Although Sho‐saiko‐to (Xiao Chai Hu Tang), a major Chinese traditional medicine, is frequently prescribed with other synthetic or biotechnological drugs for the treatment of various chronic diseases, there is a dearth of information about interactions between sho‐saiko‐to and co‐administered drugs. This paper reports the effects of Sho‐saiko‐to on the pharmacokinetics and glucose responses of a sulphonylurea hypoglycaemic agent, tolbutamide, after their oral administration in rats. After oral administration of tolbutamide (50 mg kg⁻¹) with or without Sho‐saiko‐to extract powder (300 mg kg⁻¹) to male Sprague‐Dawley rats cannulated in the jugular vein, plasma tolbutamide and glucose levels were periodically measured. Co‐administration of Sho‐saiko‐to tended to elevate the plasma tolbutamide concentration in the absorption phase. A two‐compartment lag‐time model was found to describe the plasma tolbutamide concentration‐time data.

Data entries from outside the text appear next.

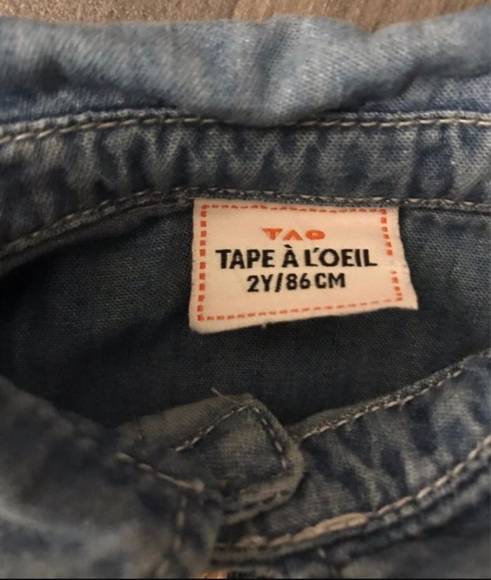 chemise à manches longues de la marque Tape à l’oeil taille 2 ans couleur bleu style jean légères traces d’utilisation occasion, bon état
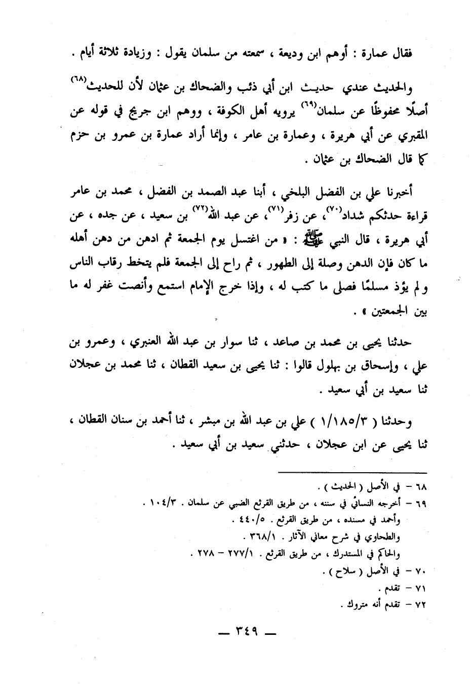 والحديث عندي حديث ابن أبي ذئب والضحاك بن عثمان لأن للحديث أصلا محفوظا عن سلمان يرويه أهل الكوفة، ووهم ابن جريج في قوله عن المقبري، عن أبي هريرة، وعمارة بن عامر، وإنما أراد عمارة بن عمرو بن حزم كما قال الضحاك بن عثمان.
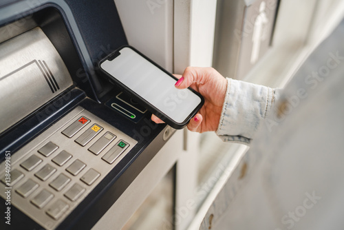Female hand with mobile phone withdrawing money from cash machine
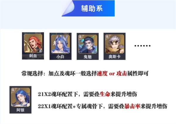 接着针对辅助系魂师,一般来说都是选择速度来提升辅助频率,或者选择攻击来提升增伤效果,其中也有一个例外便是阿银,21×2魂环配置下需要加生命来提升2-1被动所提供的增伤效果;
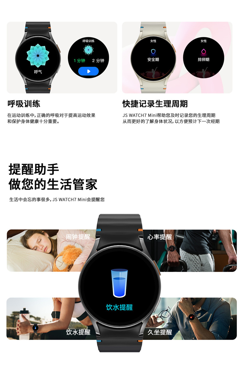 Funciones: Conteo de pasos, monitoreo de la frecuencia cardíaca, entretenimiento social, recordatorio inteligente, monitoreo del sueño
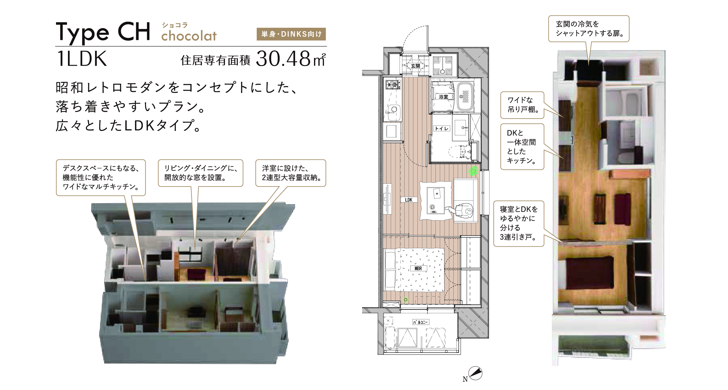 設計のこだわりである各プランの個性も、立体として具現化した。SOHO対応のType MU(マフィン)やCR(クロワッサン)における引戸開閉による空間の可変性、Type DA(デニッシュ)の格納型洗面台といった機能的ギミック、「昭和レトロモダン」のType CH(ショコラ)が持つ落ち着き。これらを実際の生活スケールで作り込むことで、プランの魅力を翻訳した。
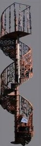 Una scala a chiocciola stretta, alta, sospesa tra terra e cielo
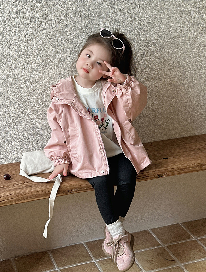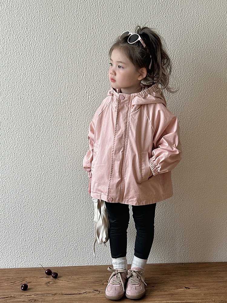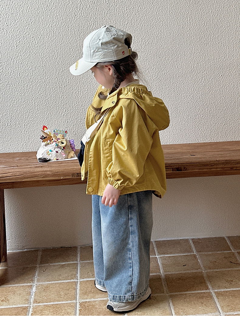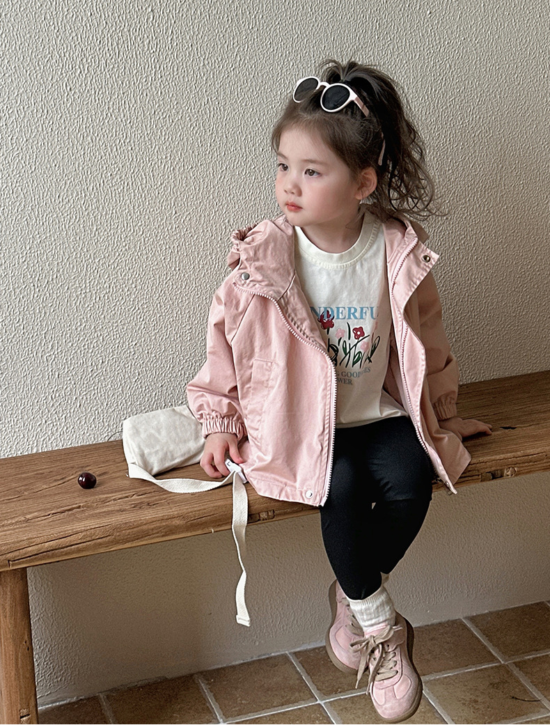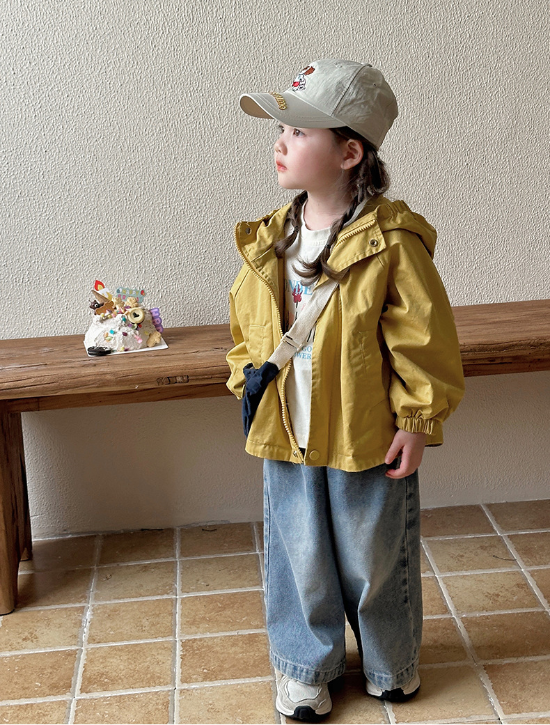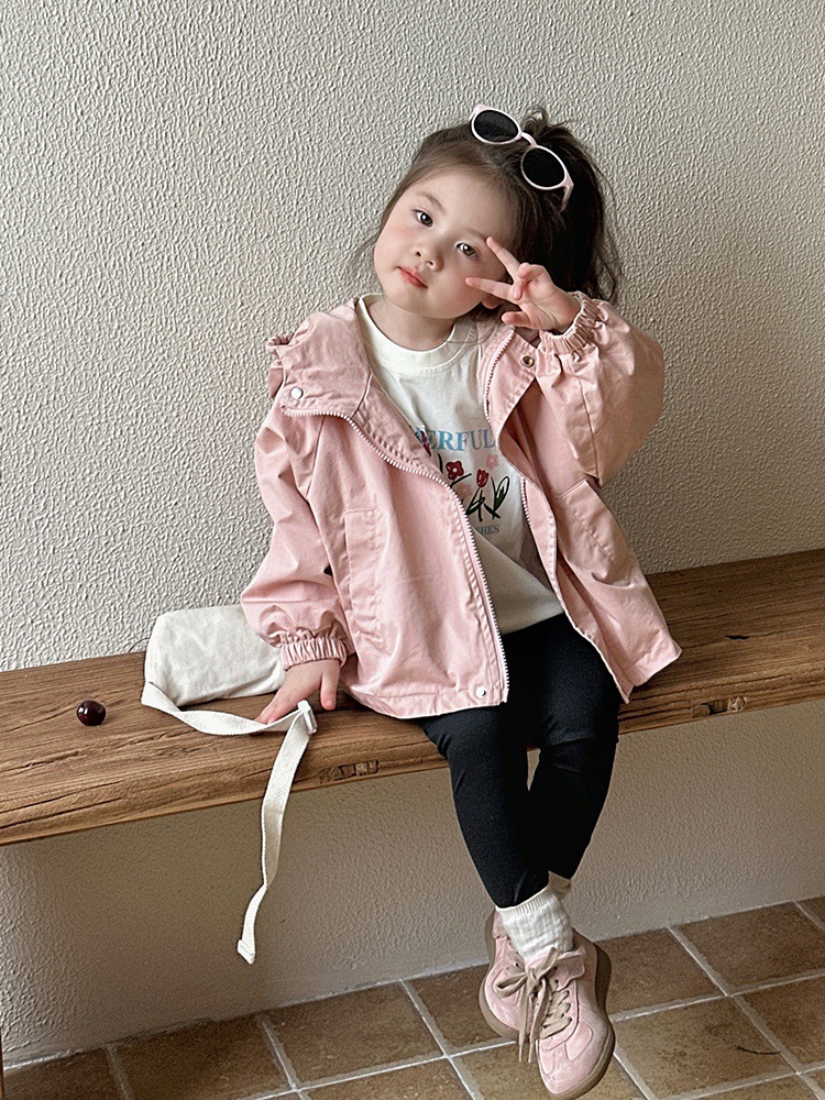 Тренч средней длины для девочек, весенне-осенний стиль, детский осенний кардиган с капюшоном, детская осенняя куртка, повседневный и универсальный вариант.
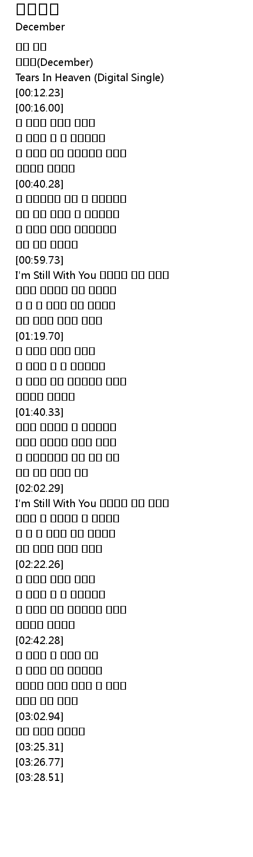 | [01:00.12] | I'm Still With You 우리함께 걷던 이길도 |
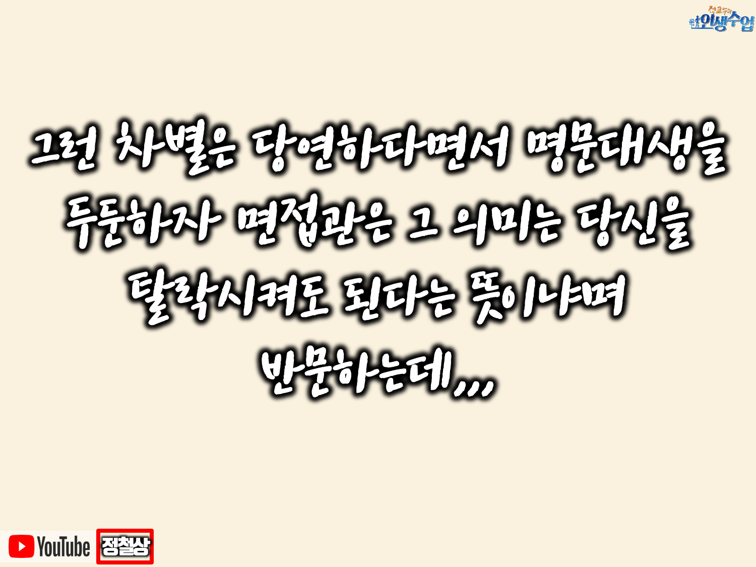#취업스토리 #취준생스토리 #지방대생의취업 #제갈현열 #김도윤 #김도윤작가 #김작가tv #지금처럼살거나지금부터살거나 #날개가없다그래서뛰는거다 #취업고민 #취업이야기 #취업면접 #면접답변 #대기업입사전략 #취업롤모델 #취업전문가 #동기부여가 #동기부여강연 #자기계발 #긍정 #좋은글 #대학생교육 #취업교육 #취업진로지도전문가 #추천강사 #인생수업 #정교수의인생수업 #커리어코치 #정철상
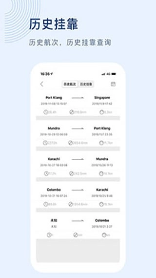 2、支持船舶历史航行轨迹的查询功能,用户可通过该功能查看船舶的航行路线、停靠港口等相关信息。
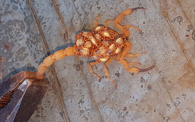 “No período da chuva, aumenta muito a incidência de acidentes com escorpião e também a aparição dos bichos. Ele se alimenta de animais vivos, baratas, grilos e cupins, e ele consegue ficar até seis meses sem se alimentar. Ele não fica sem água, por isso ele fica em lugar úmido”, diz.
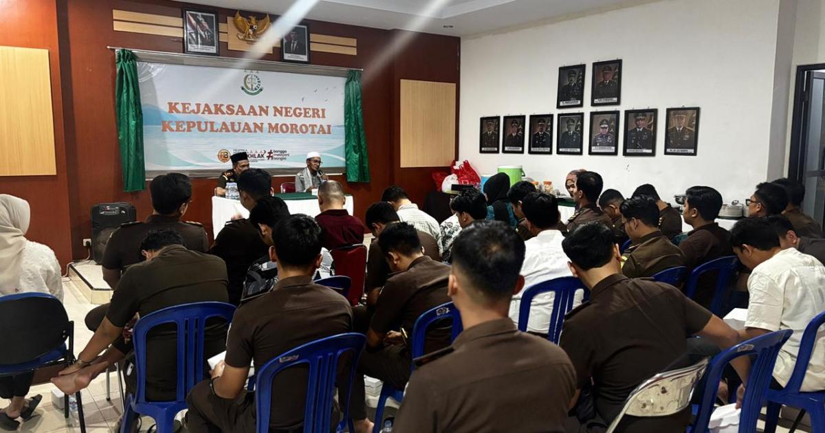 Morotai – (Humas Kemenag Morotai) – Kepala Sub Bagian Tata Usaha Kantor Kementerian Agama Kab. Pulau Morotai, H. Musanif Sibua, S.Ag., MM, menghadiri kegiatan buka puasa bersama Keluarga Besar Kejaksaan Negeri Pulau Morotai, Senin (23/02/2026). Kegiatan yang dirangkaikan dengan tausiyah Ramadan itu berlangsung hangat dan penuh kekeluargaan.

The maximum concentration of tolbutamide was significantly increased and time to reach the maximum concentration was reduced to about 70% by co‐administration with Sho‐saiko‐to. There was no significant change in area under the curve or in the elimination half‐life of tolbutamide. The extent of the lowering effect of tolbutamide on plasma glucose levels was increased up to 0.75 h and decreased after 5 h after co‐administration of Sho‐saiko‐to. In conclusion, these studies suggest that sho‐saiko‐to slightly hastens the gastrointestinal absorption of tolbutamide. Furthermore, it is considered that elevation of the gastrointestinal absorption rate by Sho‐saiko‐to might potentiate the hypoglycaemic effect of this sulphonylurea in the early period after oral administration.